The House of the Dead: Remake (PlayStation 4) Review

The House of the Dead is a relic of its era – an arcade classic from SEGA credited, along with Resident Evil, for the popularisation of zombies in mainstream entertainment.

As an on-rails, first-person shooter designed to be played in an arcade with a plastic gun, Forever Entertainment’s The House of the Dead: Remake has no place on a modern console with little more than a pair of analogue sticks and a wildly inaccurate gyroscope to play with.

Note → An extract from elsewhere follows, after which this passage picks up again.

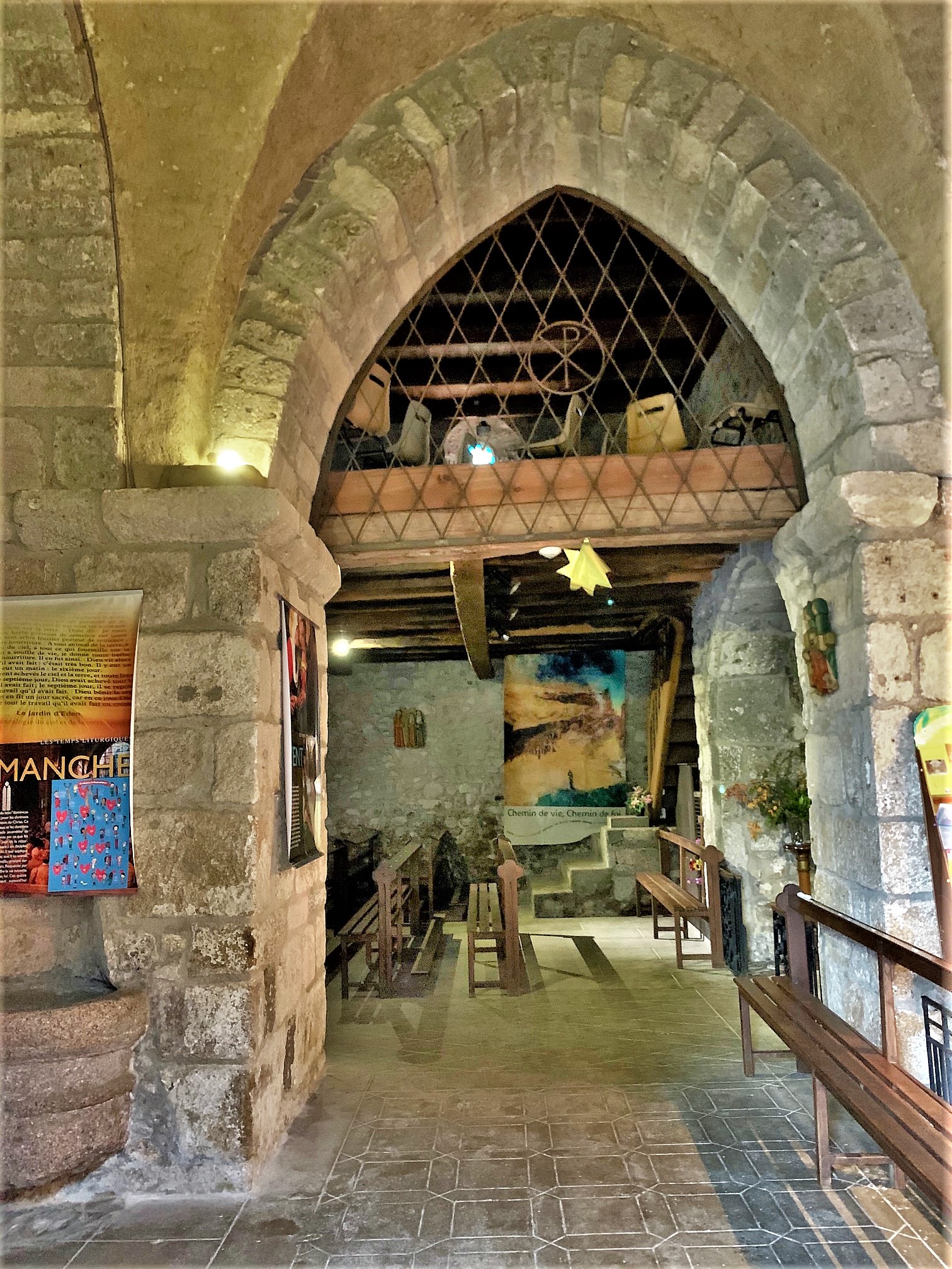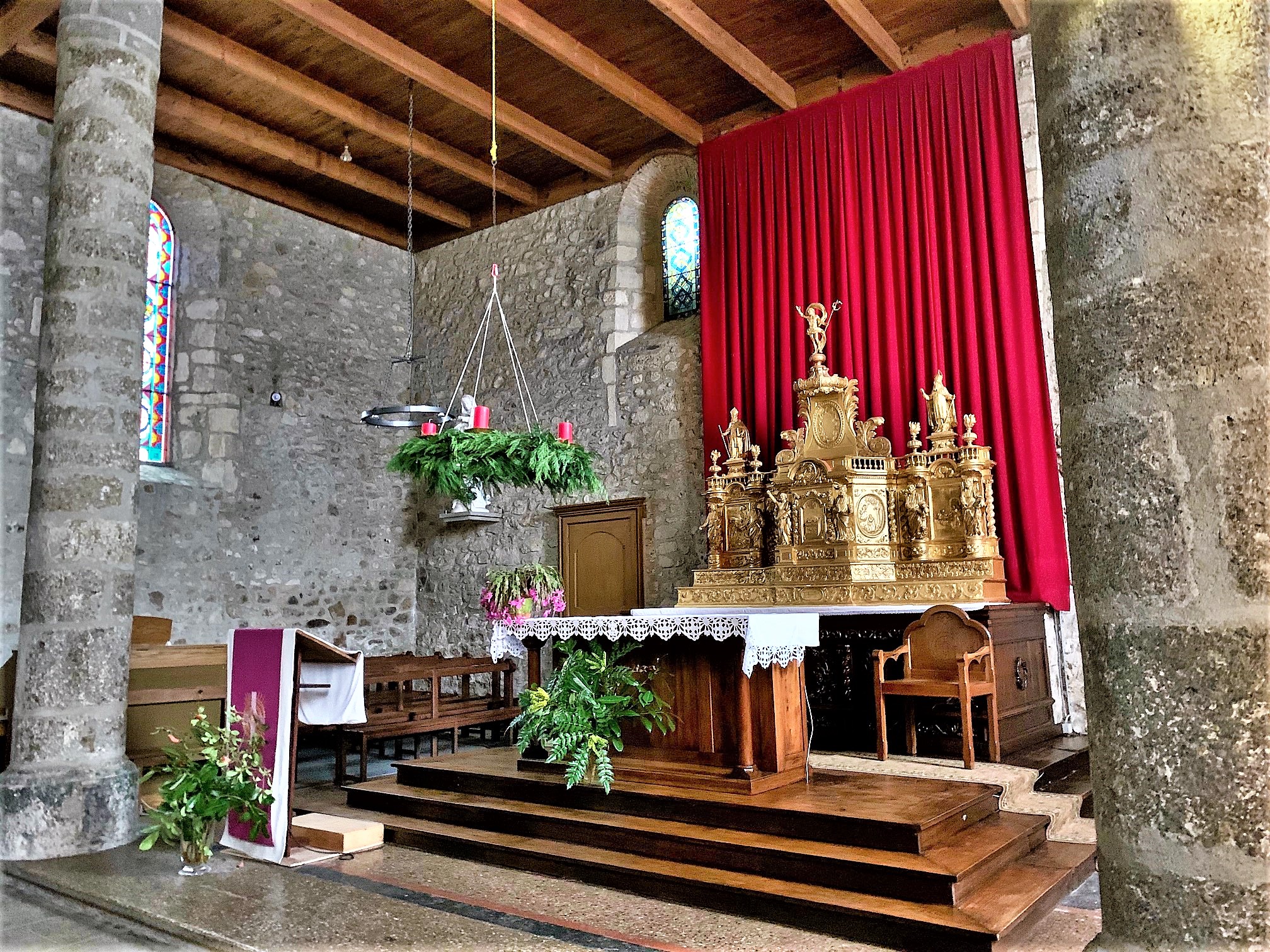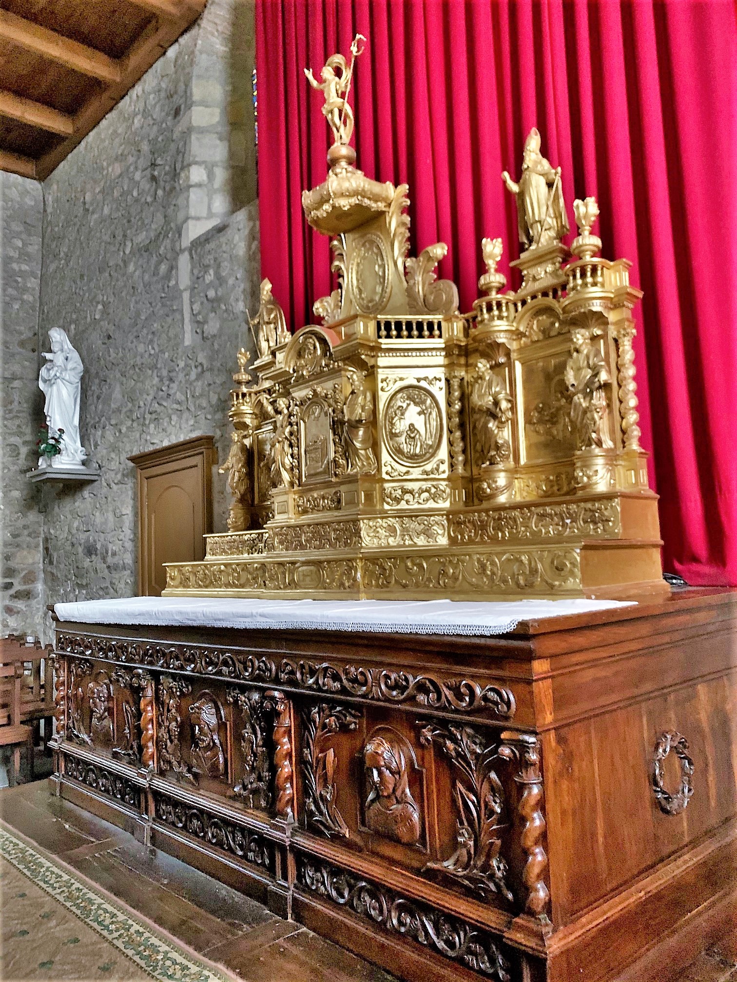 4 sur 5, comme le nombre de monuments religieux de la commune de Chabanais, un village de 1600 habitants possédant 4 clochers. L'église Saint-Pierre, construite au 17ème siècle, n'est peut-être pas la plus prestigieuse mais je l'ai trouvé accueillante, vivante car investie par les paroissiens, et un brin mystérieuse. Désorientée, le chœur est au sud-ouest, on y pénètre curieusement par le clocher-porche situé à droite du mur Est. Au dessus du portail, une niche abrite une sculpture de Saint-Pierre, copie en bois d'une création primitive en pierre, que le temps avait dégradé. Cinq colonnes, qui devaient soutenir une voûte en pierre, aujourd'hui disparue ou peut-être jamais construite, occupent la nef, plafonnée en bois. Sous la tribune, ajoutée au 19ème siècle, l'endroit est sombre et une cuve baptismale est intégrée au mur. Un tableau intéressant, réalisé au 19ème siècle, copie d'une oeuvre exposée au Louvre, est à voir. L'autel-tabernacle-retable du 18ème siècle, classé en 1980, est superbe. Le chemin de croix, de belle facture, est l'ouvrage de Claude Gruer. Les trois autres clochers sont l'église Saint-Sébastien du 19ème siècle, le clocher Saint-Michel, seul reste d'une église romane, et le prieuré Notre-Dame de Grenord, restes d'une église du 12ème siècle située à 2 kms.

Unfortunately, I found The House of the Dead: Remake virtually unplayable on PlayStation 4, with the Dualshock 4 controller’s motion controls proving far too unwieldy to provide any entertainment, and even caused some pain in my wrists; meanwhile aiming with the analogue sticks is about as responsive and enjoyable as riding a bike with no tyres.

You play as one of two characters, whose default weapon is a pistol with just five rounds in the barrel. Naturally, you’ll want to empty this into rotting flesh as quickly and as often as possible, which means that a great majority of the game’s hour-long campaign is spent mashing the R2 trigger to shoot, and also remembering to intermittently pull L2 to reload before your clip is empty.

The physical motion of frantically pulling both triggers disturbs the gyroscope to the extent that it becomes ridiculously hard to aim your crosshair with any precision. Instead, hitting a boss’s weak spot, or scoring a time-sensitive headshot to save one of Curien Mansion’s scientists, becomes an act of luck rather than skill.

The House of the Dead consists of just four stages, although the fourth is technically a rehash of the first three stages’ boss fights, plus a particularly cumbersome final boss. Any supposed longevity comes in the form of finding alternative routes, saving the aforementioned scientists from their demise with quicktime event-style set pieces, and in true ’90s fashion, rooting for that all important high score.

As fresh as it looks in high-definition, with lovely new visuals offering a vast upgrade over the 1996 original, it’s all polish and no substance. The House of the Dead: Overkill and 2 & 3 Return handled better on the Wii over a decade ago, thanks to its sensor bar which allowed for 1-1 precision aiming.

In fairness, The House of the Dead: Remake does the best it can with what the PlayStation 4 hardware has to offer – the game is just so poorly suited to the conventional controller that it’s almost impossible to judge the game at face value.

The House of the Dead: Remake (PlayStation 4) verdict

For those with a certain level of nostalgia for this dying breed of video game, or perhaps with fond memories of playing this particular title in arcades back in the day, then Forever Entertainment must be commended for not only preserving The House of the Dead on modern hardware, but also remaking the source material from the ground up.

It’s such a shame that its interface puts up more of an impenetrable barrier to entry than SEGA’s arcade unit’s coin slot.